SUPPLIED DATA
= = = =

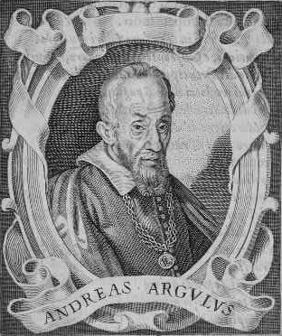 Andrea Argoli (1570–1657)
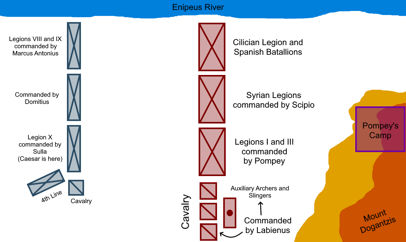 The positioning of troops at the battle of Pharsalus.
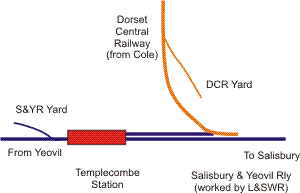 Railway routes at Templecombe in 1862

= = = =

EXERCISE
Your answer must reproduce exactly the lines from the line with "The positioning of" through the end of the material, both ends included, with every picture dropped.

COMPLETED TASK
 The positioning of troops at the battle of Pharsalus.
 Railway routes at Templecombe in 1862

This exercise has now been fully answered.